Among the lines below, output only those between the line holding "調味料を合わせ、みじん切りに" and the line holding "香港行政長官李家超與新任中聯辦主任鄭雁雄在禮賓府...", inclusive, exactly as written and with no pictures.

*** Opening DATA SUPPLIED ***

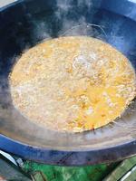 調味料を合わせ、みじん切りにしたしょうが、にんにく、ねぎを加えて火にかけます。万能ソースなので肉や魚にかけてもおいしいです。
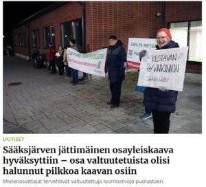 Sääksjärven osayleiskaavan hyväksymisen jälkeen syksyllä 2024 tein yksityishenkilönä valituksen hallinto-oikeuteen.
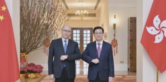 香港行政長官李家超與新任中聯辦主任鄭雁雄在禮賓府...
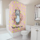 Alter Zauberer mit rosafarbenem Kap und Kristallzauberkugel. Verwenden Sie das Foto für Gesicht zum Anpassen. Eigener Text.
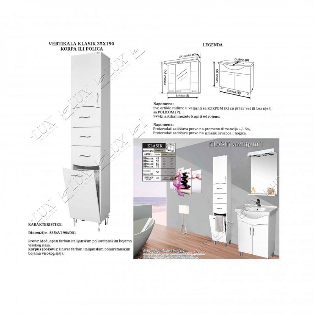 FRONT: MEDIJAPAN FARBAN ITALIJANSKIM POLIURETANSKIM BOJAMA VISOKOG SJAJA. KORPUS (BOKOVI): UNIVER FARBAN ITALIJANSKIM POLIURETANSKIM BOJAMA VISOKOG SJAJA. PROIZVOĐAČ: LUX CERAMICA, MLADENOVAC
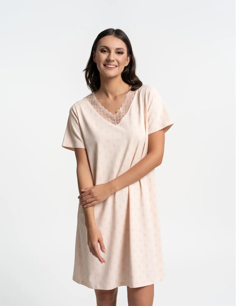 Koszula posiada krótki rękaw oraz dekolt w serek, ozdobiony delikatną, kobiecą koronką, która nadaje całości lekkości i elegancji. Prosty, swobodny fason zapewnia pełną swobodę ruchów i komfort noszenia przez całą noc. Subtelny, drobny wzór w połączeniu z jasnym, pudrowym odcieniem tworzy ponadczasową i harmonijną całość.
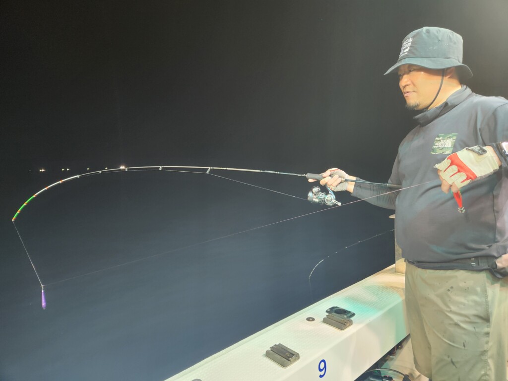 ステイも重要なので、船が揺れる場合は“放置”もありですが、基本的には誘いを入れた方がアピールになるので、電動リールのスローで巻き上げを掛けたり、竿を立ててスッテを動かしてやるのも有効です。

*** Closing DATA SUPPLIED ***
*** Opening DATA SUPPLIED ***

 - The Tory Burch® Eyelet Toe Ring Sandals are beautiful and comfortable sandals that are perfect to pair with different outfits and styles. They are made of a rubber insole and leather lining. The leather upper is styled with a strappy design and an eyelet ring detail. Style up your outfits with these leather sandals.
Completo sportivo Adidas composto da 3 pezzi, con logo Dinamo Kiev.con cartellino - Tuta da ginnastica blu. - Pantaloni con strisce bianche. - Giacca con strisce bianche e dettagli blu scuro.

*** Closing DATA SUPPLIED ***
*** Opening DATA SUPPLIED ***

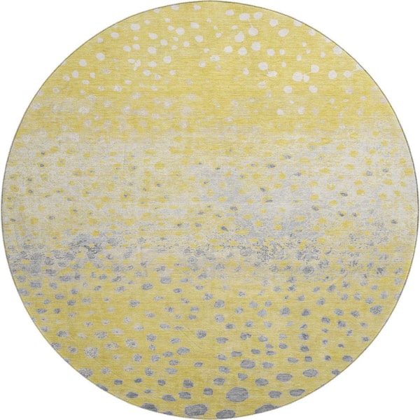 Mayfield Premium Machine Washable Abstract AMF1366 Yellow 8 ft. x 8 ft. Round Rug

*** Closing DATA SUPPLIED ***

*RESPONSE FOR THIS EXERCISE*:
 調味料を合わせ、みじん切りにしたしょうが、にんにく、ねぎを加えて火にかけます。万能ソースなので肉や魚にかけてもおいしいです。
 Sääksjärven osayleiskaavan hyväksymisen jälkeen syksyllä 2024 tein yksityishenkilönä valituksen hallinto-oikeuteen.
 香港行政長官李家超與新任中聯辦主任鄭雁雄在禮賓府...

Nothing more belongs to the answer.